# Sears Router Crafter?



## Drugstore Cowboy (May 17, 2007)

At least I THINK that's what it was called.
I just seemed to remember seeing this gadget that was essentially a hand turned lathe -- but instead of using carving tools -- the cutting was done by a router mounted on rails.
Just curious -- 
Does anyone else remember this?
Or am I just imagining things on this rainy Sunday night?
Did anyone ever actually USE one?


----------



## challagan (Feb 7, 2006)

Yup they sold quite a few of these things for awhile. They even sold them on QVC during the Craftsman Hour several years back. You could make some neat looking carvings like lamp bodies, walking sticks etc. Never did see one working in person though. There is actually a tool called the legacy mill that is a real expensive tool that is similar to that. It has chain drives etc. on it but can do small like a pen or big stuff. 

Corey


----------



## Visteonguy (Aug 6, 2005)

Yes, Thats what it was called. I bought one from Sears back maybe about 1970 and I played with it right after I got it home. It was a neat little rig, I turned out some nice figured spindles that had spirals that you could NOT produce on a regular lathe. But I was only about 16 at the time and had a lot of interrest going at the time and after I made a few spindles on it,, I pushed it back in the corner and figured I would get back to it later,,, hahaha,, still got it but still have not gotten back to it yet. But if you come up with a project that needs some interresting spindles, that could be just the tool you might want to use. Sears stopped selling the Crafter after a few years and I thought I read some place not too long ago, they were thinking of trying to market it again,, I am not sure if they ever did or not, though. I have seen them turn up on EBAY once in a while and I ran across a web site once that delt with owners and their discusion groups.


----------



## challagan (Feb 7, 2006)

Visteone I believe they produced them again in the late 80's to mid/early 90's for awhile. Like I said I remember them selling them on QVC for awhile. That's where I first learned of it. 

Corey


----------



## Visteonguy (Aug 6, 2005)

Yes Corey,, I cannot remember where I seen that article,, I am sure it was in one of the wood working magazines or maybe even in popular mechanics a few years ago. I just looked on Ebay and I see there are 2 selling right now. A brand new one that was never used and with just under 4 days to go, its up to $84 I think. But they are quite the toy to make fancy spindles that will keep your friends guessing how you made them.


----------



## Drugstore Cowboy (May 17, 2007)

Thanks 
It's been a LONNNGGG weekend on a LOT of levels - and I was just sitting here with my brain kinda in free flight.
That was just one of many strange thoughts that floated by.
Glad it wasnt an illusion.
Sounds like it might have even been more useful than I gave it credit for.

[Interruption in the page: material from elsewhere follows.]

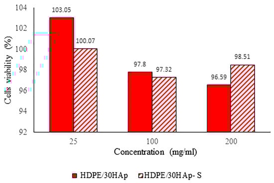 The result of the cell viability at different concentrations of sample extract is shown in Figure 10. As seen from the figure, the overall results demonstrated that both the treated and untreated HDPE/HAp composites are biocompatible since the cells exposed to 24 h of extract recorded cell viability values higher than 80% for all the tested concentrations. The finding above is consistent with the study of Liu et al. [] in which it was reported that the cell viability was approximately 100% after 24 h of co-culture, hence indicating excellent biocompatibility of the HDPE/HAp composite. Therefore, it can be concluded that both composites are biocompatible and suitable for biomedical application.

The time frame is about right -- I got my first router - about 1977.


----------



## bobj3 (Jan 17, 2006)

I had one also they can do many .many router jobs that the standard router table can't do and the lathe can't do as well.(fluting,craving,etc.)

If you a search on the forum you should see many posted items popup on them.
If I recall a web site called Twisedwood or something like that ,shows all the items you can make with the Sears jig.

http://www.whois.ws/whois_index/t/domain_list.t.0874.php

Bj


----------



## harrysin (Jan 15, 2007)

Hi Drugstore Bandit, here in Australia they are known as router lathes.The timber is mounted as in a normal lathe and the router is mounted on a traverse plate to which a stranded steel cable is attached and goes around the headstock then the length of the bed, around a pulley and back to the head stock which has an indexing system. In use the router is physically moved along the bed and because it's connected to the headstock it rotates, the ratio of rotation to horizontal movement of the router can be altered because there is a stepped pulley on the headstock around which the cable goes. Using this system single or multiple spirals can be routed, there are 36 indexing points. For parallel flutes the headstock is locked and the cable unhooked from the traverse plate. I hope all this makes sense to you.


----------



## bobj3 (Jan 17, 2006)

Here's one that you can make if you have a lathe and you want to put on some flutes or make a rope turning 

http://woodworkersedge.com/FlutingJig.htm

Bj


----------



## Drugstore Cowboy (May 17, 2007)

harrysin said:


> . . . I hope all this makes sense to you.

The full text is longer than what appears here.